Looking at the image below, you'll notice the artist "Al Jarreau" his album has track/s with Kathleen Battle. Now the next artist to the right is named Alex Bugnon but he's labelled as "Al Jarreau/Kathleen Battle, I'm seeing this with quite a few artist.

Image
(2013-12-16, 23:36)hoopsdavis Wrote: [ -> ]As far as the issue with the music library and scrapers, Currently I have issues with Artist names, wrong names are listed on may Artist.
It's not related to scraper processing changes in Gotham.

If you have problem with your scraper - open a separate thread in this forum. Or use XBMC General Help and Support.
Hi @Karlson2k I have a problem with filmaffinity scrapper.

I think that points 1 and 2 are OK in the scrapper (first line is the same). I think the problem is the third step:

in log I see that the we have to search in iso-8859-1 or there are no matches, so I think that the XML that is parsed by XBMC is in iso-8859-1. How we can convert to utf-8?

Thanks
MaDDoGo,
As I mentioned in first post, all XMLs are converted to UTF-8 before parsing. XML can be in any encoding as long as correct encoding was put to XML header.
Even if encoding is incorrect or missing, XBMC will try to find suitable encoding, but result is not guaranteed to be correct and costs time/resources.

Try with latest nightly, it contains some additional webserver charset detection logic. If it didn't help, check trac for similar problems
Hi,

I tried next nightly and all problems are gone. Sorry for the inconvencience but I thought that the problems were from the scrapper.

Thank you
Updated first post.
Changes: all scraper generated XMLs are always processed as UTF-8.
(2014-03-24, 15:30)Karlson2k Wrote: [ -> ]Updated first post.
Changes: all scraper generated XMLs are always processed as UTF-8.

Is there some reason this can't be extended to nfo files? At least UTF-16LE encoding is ignored from my testing (music videos).

sacott s.
.
Starting from Gotham alpha 10, all XMLs (including .nfo) should be automatically converted to UTF-8 before processing.
Scraper generated XMLs are forcibly processed as UTF-8.
Did you mean that your nfo files didn't converted? If your nfo file is valid XML (with proper charset in declaration) then it must be loaded correctly.
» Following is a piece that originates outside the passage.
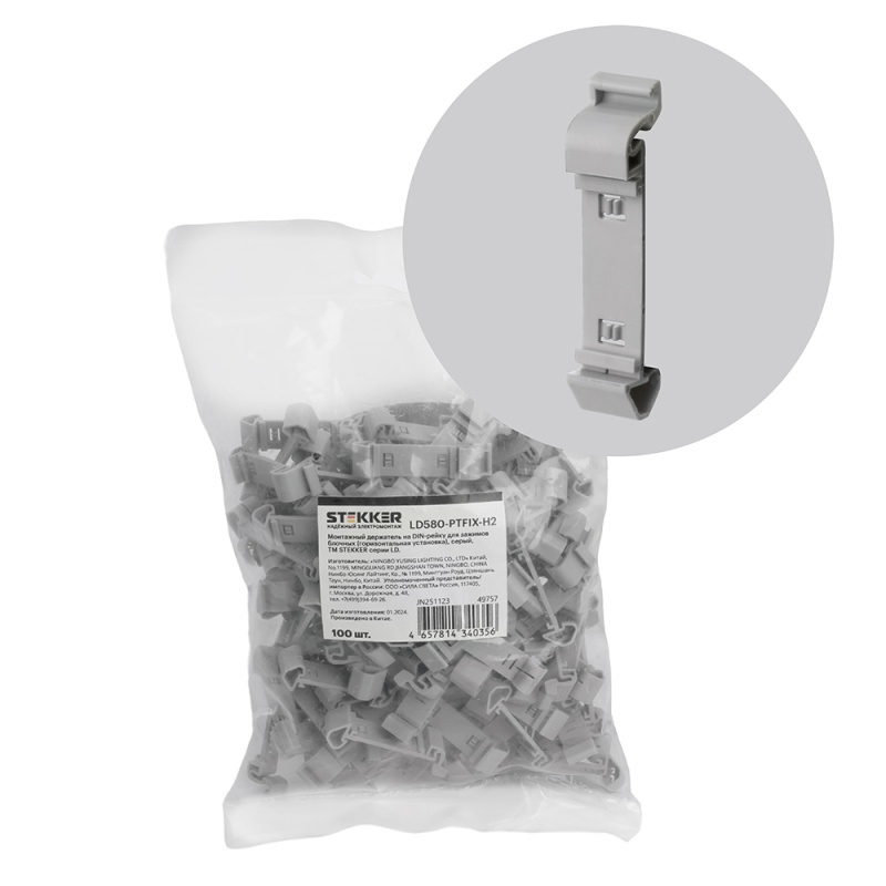 Монтажный держатель на DIN-рейку для зажимов блочных (горизонтальная установка), серый LD580-PTFIX-H2

Even if your file don't have "charset" in declaration, but starts from "<?xml", XBMC should detect and use UTF-16 encoding.
Send me your nfo file, I'll try to reproduce.
(2014-03-24, 15:30)Karlson2k Wrote: [ -> ]Updated first post.
Changes: all scraper generated XMLs are always processed as UTF-8.
unfortunately not. using the FilmAffinity scraper on Windows 8.1 64 XBMC Gotham v13.2beta2 a warning comes out:
Code:
CScraperUrl::Get: Can't find precise charset for HTML "http://www.filmaffinity.com/es/film109378.html", using "CP1252" as fallback
any way the scraper or XBMC can be forced to process the scrapped content as UTF-8?
Hi there I'm not sure i have the right part of the forum to be asking this but...
I'm good with the scraping part but what i would like to know is when i scrape my 10 hard drives all separated out for different subjects
I want to move or tell xbmc or kodi to scrape the covers to an sd card instead of my unit because it takes up alot of space .

I know you guys are busy and you have been doing an amazing job but i just thought i would ask on this.
Cant you simply make the thumbnails dir a link?